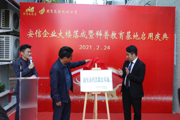 2月24日,“汕尾市科普教育基地工作交流会暨科普教育基地揭牌仪式”在安信新基建(广东)有限公司举行。市人大常委会副主任、市科协主席黄宏伟出席并讲话,市科协党组书记、常务副主席杨敏文,专职副主席柯梁恭等领导共同为安信新基建(广东)有限公司科普教育基地揭牌。城区科协领导及汕尾市各科普教育基地相关负责人出席了活动。
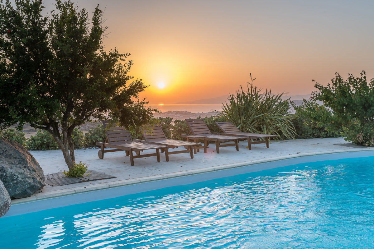 “Starlight Villa” is located on a hillside overlooking Mykonos town, in a secure residence complex. It offers impressive view of the Aegean Sea and the surrounding islands of Delos, Tinos and Syros, offering spectacular sunsets!
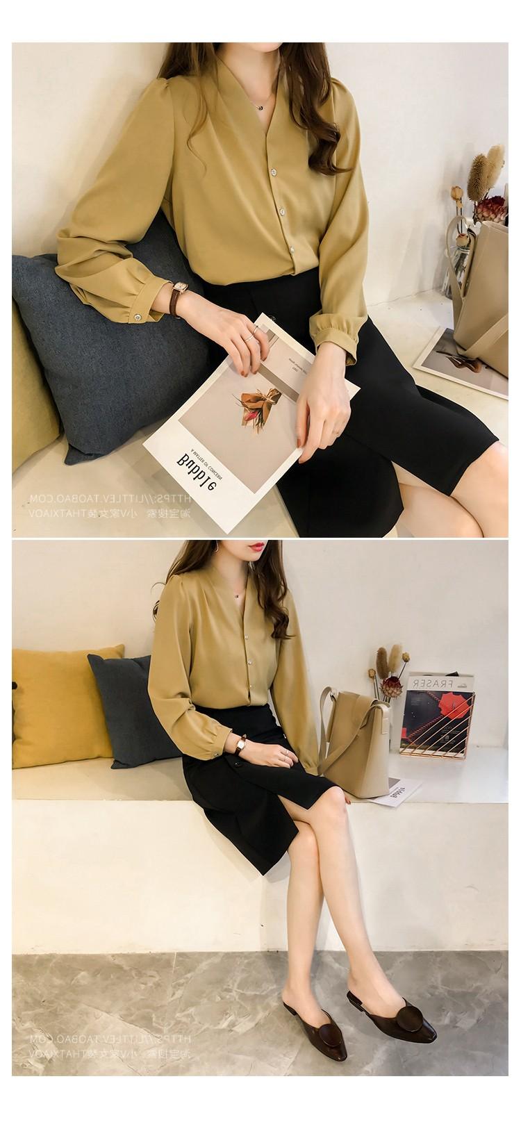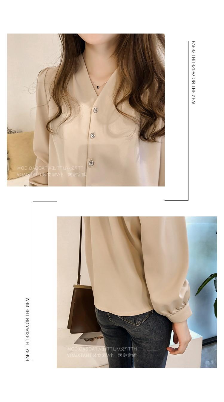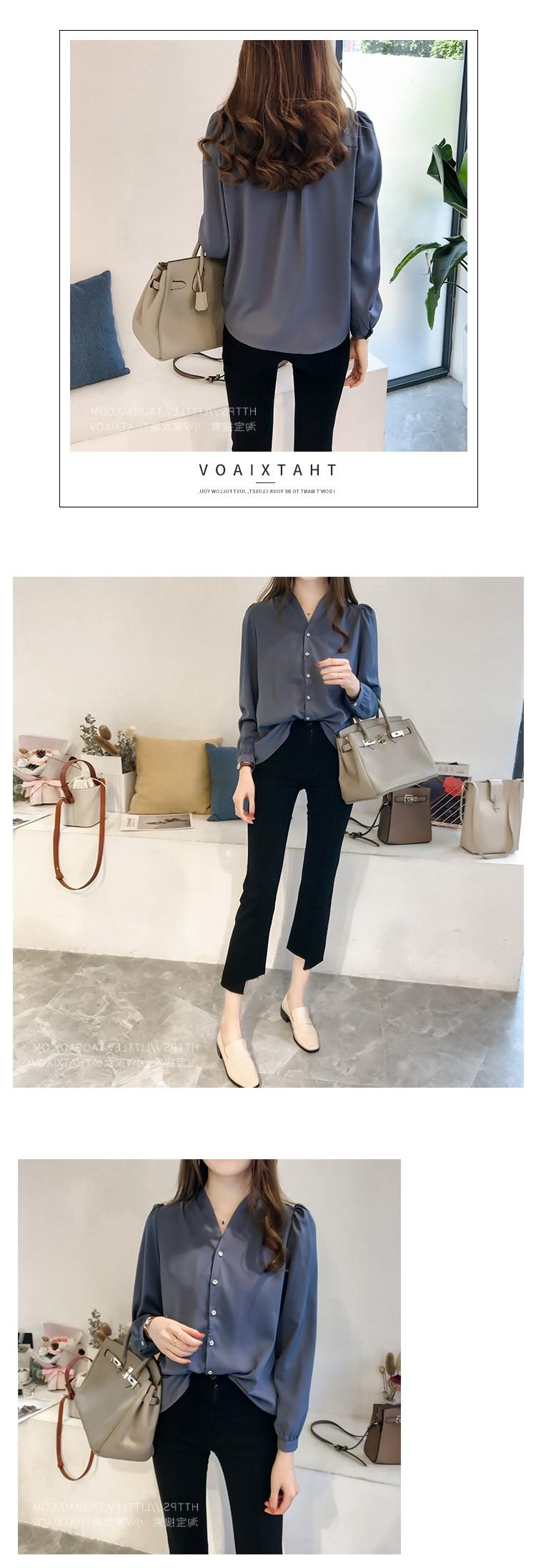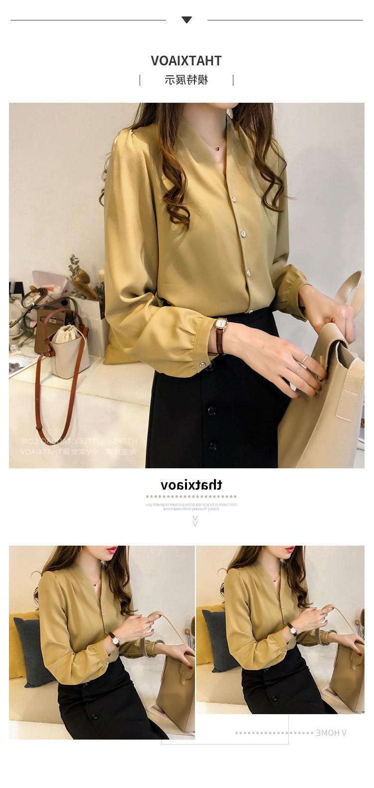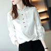 2023 Outono Novo Feminino Simples Elegante Cor Sólida Chiffon Camisa Feminina de manga comprida Top Loose Estilo Coreano Camisa
*****
Work instructions:
Please retype the material in full, exactly as it reads, apart from the images.

Reply:
 2月24日,“汕尾市科普教育基地工作交流会暨科普教育基地揭牌仪式”在安信新基建(广东)有限公司举行。市人大常委会副主任、市科协主席黄宏伟出席并讲话,市科协党组书记、常务副主席杨敏文,专职副主席柯梁恭等领导共同为安信新基建(广东)有限公司科普教育基地揭牌。城区科协领导及汕尾市各科普教育基地相关负责人出席了活动。
 “Starlight Villa” is located on a hillside overlooking Mykonos town, in a secure residence complex. It offers impressive view of the Aegean Sea and the surrounding islands of Delos, Tinos and Syros, offering spectacular sunsets!
 2023 Outono Novo Feminino Simples Elegante Cor Sólida Chiffon Camisa Feminina de manga comprida Top Loose Estilo Coreano Camisa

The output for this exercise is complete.